= Given material =
*** Begin section ***

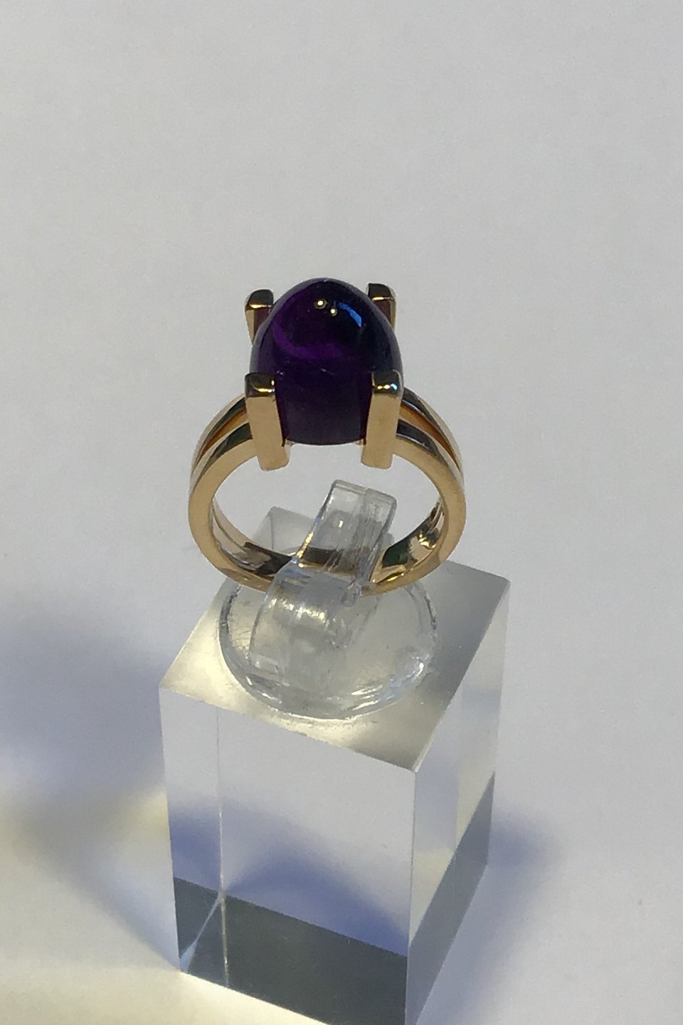 Georg Jensen 18 kt guld Ring med Ametyst Ringstr 49/US 5 Vægt 7.2 gr/0.25 oz. Stemplet GJ&W
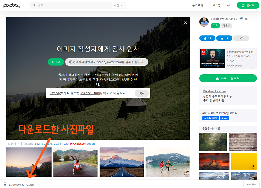 ▶ 픽사베이 무료이미지 다운로드 방법
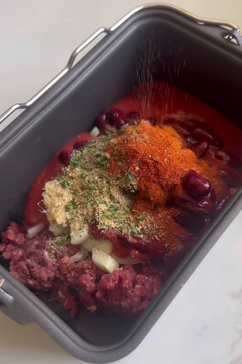- While the potatoes cook, let’s get started on the hearty chili. In the second basket of the air fryer or in the stew pot attachment, add 250g (about 0.5 lb) of ground beef. Add in 1 small onion, finely chopped, and 1 teaspoon of garlic paste. Then, pour in 250 ml (1 cup) of tomato passata and 125 ml (1/2 cup) of water. To add more flavor, include 200g (7 oz) of kidney beans, 1/2 teaspoon garlic powder, 1/2 teaspoon onion powder, 1 teaspoon paprika, 1/2 teaspoon red chili powder (optional for some heat), 1 teaspoon dried oregano, 1 teaspoon dried parsley, 1/2 teaspoon black pepper, and 1/2 teaspoon salt.

*** End section ***

= Assigned task =
Word-for-word repeat, images excluded: return all the data.

= Solution to this task =
 Georg Jensen 18 kt guld Ring med Ametyst Ringstr 49/US 5 Vægt 7.2 gr/0.25 oz. Stemplet GJ&W
 ▶ 픽사베이 무료이미지 다운로드 방법
- While the potatoes cook, let’s get started on the hearty chili. In the second basket of the air fryer or in the stew pot attachment, add 250g (about 0.5 lb) of ground beef. Add in 1 small onion, finely chopped, and 1 teaspoon of garlic paste. Then, pour in 250 ml (1 cup) of tomato passata and 125 ml (1/2 cup) of water. To add more flavor, include 200g (7 oz) of kidney beans, 1/2 teaspoon garlic powder, 1/2 teaspoon onion powder, 1 teaspoon paprika, 1/2 teaspoon red chili powder (optional for some heat), 1 teaspoon dried oregano, 1 teaspoon dried parsley, 1/2 teaspoon black pepper, and 1/2 teaspoon salt.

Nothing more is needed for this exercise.